IC design costs are also increasing at a rapid rate. Table 1 shows sample non-recurring engineering (NRE) costs for different CMOS IC technologies [6] . At 0.8 µm Furthermore, designing high-end ICs that utilize the available transistor capacity requires significantly more time during design. While the productivity gap is partially responsible for longer design times, the time it takes for a design to be manufactured at a fabrication facility and returned to the designers in the form of an initial IC is also increasing. Table 1 provides the turnaround times for various technology nodes. The turnaround times for manufacturing an IC have almost doubled between 0.8 µm and 0.13 µm technologies. Longer turnaround times lead to larger design costs and even possible loss of revenue if the design is late to the market. Furthermore, long turnaround times become a larger burden on designers when designs flaws lead to multiple respins, delaying a products entrance into the market.

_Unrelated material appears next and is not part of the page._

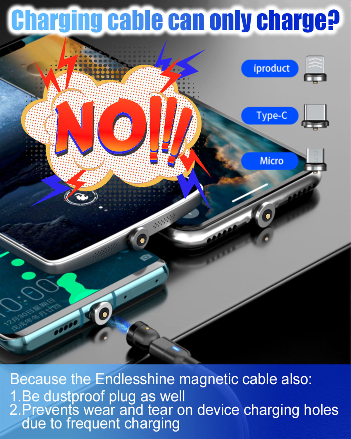 - ⚡【 2x Stronger Magnetic Connection】the Endlesshine usb c magnetic charging cable is equipped with an upgraded magnetic head that provides twice the magnetic strength to stay connected.It will never accidentally disconnect from your device while you're working or playing. Leaves you without a charge in the morning.

The problems of increasing design costs and long turnaround times are made even more noticeable due to increasing market pressures. Market windows, the time during which a company seeks to introduce a product into the market, are shrinking. The design of new ICs are increasingly being driven by time to market concerns. Due to these concerns, design features or requirements of new systems are often modified into order to get the system to market faster.
Increases in design costs and design time as well as time to market concerns limit the number of situations that can justify producing designs using the latest IC technology. Less than 1,000 out of every 10,000 ASIC designs have volumes high enough to justify fabrication at 0.13 µm [6] . Therefore, if design costs and design times for producing a high-end IC are becoming increasingly large, will high-end ICs be produced at all? Yes, but only a few designs will be able to justify doing so. There will always be systems that make use of the transistor capacity of the latest IC technology. However, for most mainstream embedded systems designers, producing a high-end IC is not feasible.
ICs that are sold in small volumes typically have a high per IC cost. On the other hand, ICs with high volume sales have lower per IC costs because the NRE design costs and other initial design costs can be amortized over the high volume. The three plots in Figure 1 illustrate the idea that cost per IC decreases with higher volumes due to amortization of design costs.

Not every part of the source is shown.